* **EXERCISE PROMPT**
Please report each line of the data below that contains "with".

* **ENTRIES SHOWN**
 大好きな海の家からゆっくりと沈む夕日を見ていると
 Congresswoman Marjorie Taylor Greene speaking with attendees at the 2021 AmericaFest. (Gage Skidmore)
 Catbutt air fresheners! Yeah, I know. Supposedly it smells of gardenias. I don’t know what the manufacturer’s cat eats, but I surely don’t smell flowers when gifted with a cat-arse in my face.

==

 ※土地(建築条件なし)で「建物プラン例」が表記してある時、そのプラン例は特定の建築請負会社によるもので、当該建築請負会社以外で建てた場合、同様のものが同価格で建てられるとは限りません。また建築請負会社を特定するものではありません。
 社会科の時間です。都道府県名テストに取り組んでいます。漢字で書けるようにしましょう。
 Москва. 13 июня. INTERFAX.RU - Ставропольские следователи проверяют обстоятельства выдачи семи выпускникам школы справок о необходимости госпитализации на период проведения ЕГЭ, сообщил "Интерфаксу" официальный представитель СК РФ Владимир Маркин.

* **SOLUTION FOR THIS TASK**
 Congresswoman Marjorie Taylor Greene speaking with attendees at the 2021 AmericaFest. (Gage Skidmore)
 Catbutt air fresheners! Yeah, I know. Supposedly it smells of gardenias. I don’t know what the manufacturer’s cat eats, but I surely don’t smell flowers when gifted with a cat-arse in my face.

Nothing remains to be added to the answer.